As we said before, big data consulting requires taking different types of data from multiple, disjointed resources, and assembling that data for analysis. That requires a different kind of enterprise infrastructure with different data processing and storage requirements. Most customers are at a loss as to how to create a big data infrastructure that can handle Hadoop analytics, so a large part of the value of big data consulting is developing a big data infrastructure that delivers ongoing insight.
Network infrastructure is one of the top priorities for IT executives struggling with big data deployment. In a study conducted by QuinStreet, 40 percent of the 540 IT executives surveyed said that increasing network bandwidth to accommodate big data was a primary concern. IT managers also are adding more data storage, assuming that you have to store everything before you can determine which data sets to use for big data analytics.
Hadoop, Not Hadump
Another survey by Ventana shows that Hadoop is taking hold fast with big data users. Of IT managers polled, 54 percent said they are using Hadoop for large-scale data processing, 87 percent are planning or performing new types of data analysis using large data sets, and 82 percent say they would benefit from faster analysis and better use of available computing resources. The same survey shows that 94 percent of Hadoop users are performing analytics on large volumes of data they couldn’t analyze before, including 88 percent who analyze data in greater detail and 82 percent who retain more data.

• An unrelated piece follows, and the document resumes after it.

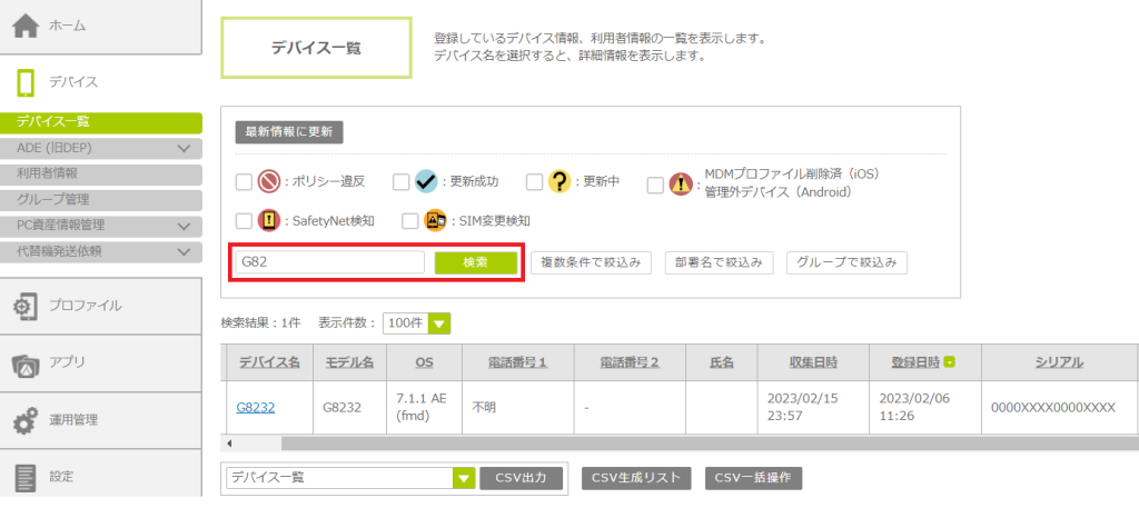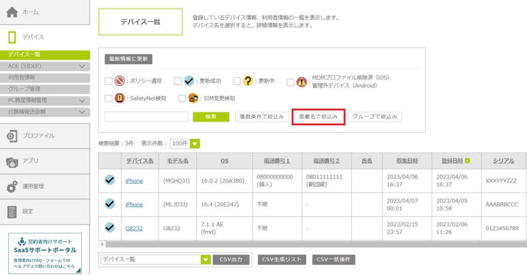指定した部署名に該当するデバイスが一覧表示されます。

The problem with a lot of Hadoop development, however is that it becomes “Hadump,” where data from the data warehouse, business intelligence, and outside resources are dumped into a Hadoop framework without rhyme or reason. The rationale for big data success is either start with a use case to solve, or store all the data you can for analysis later. Applying the right use case will deliver immediate returns, and developing an infrastructure that can expand to accommodate more data will provide returns in the long run.
In most big data initiatives, only 30 percent of data collected has value; you just don’t know which 30 percent. The cost of data storage continues to drop, while the cost of analysis and data science remains high, so you want to develop an infrastructure that can streamline analytics while accommodating more types of data storage.
Data Analytics from Hadoop to SQL
Most business intelligence architectures pass data through a data warehouse for analysis. Big data is just a larger type of business intelligence so the structure is similar. You want to place your Hadoop cluster between the raw data and the data warehouse, so users with repetitive queries, reports, or dashboards can get the data they need from the data warehouse, and power users can access the data warehouse or the Hadoop cluster directly for more complex queries.
The data sources feed the Hadoop cluster with raw information for analysis. The Hadoop cluster serves as the staging area for incoming data, whether its structured data from operational systems, semi-structured data such as log files or machine-generated data, or unstructured data from the web, text, audio, and video.
The raw data is analyzed in the Hadoop cluster using MapReduce and other languages. From the Hadoop cluster, the results are fed into a data warehousing hub where it is distributed to downstream systems such as data marts and analytical sandboxes. These downstream data stores can use conventional SQL tools for reporting and analysis.
Scaling High-Performance Data Storage
As part of your big data consulting you need to be ready with storage solutions. Big data has outgrown conventional enterprise storage so it needs to be able to scale in a transparent manner. Adding modules and arrays is one approach, and more big data infrastructures are using cloud storage because it is elastic and can expand to accommodate any data need.
Another challenge is the number of files. Using metadata to track files can reduce scalability and performance, so big data architectures are using object-based storage to handle large datasets without adding overhead. Object storage can handle billions of files and can scale geographically.
Latency is another storage challenge. Many big data applications operate in real time and can’t abide latency. Storage node clusters can increase capacity and object-based data storage can support parallel data streams to reduce latency. Many big data infrastructures require high IOPS performance for server virtualization, and that will mean solid-state data storage devices.
Big data consulting requires assembling the right pieces to deliver optimal performance, both in terms of the speed of data delivery and the quality of the data insight. Understanding how to deploy Hadoop and the challenges of high-performance data storage are a place to start.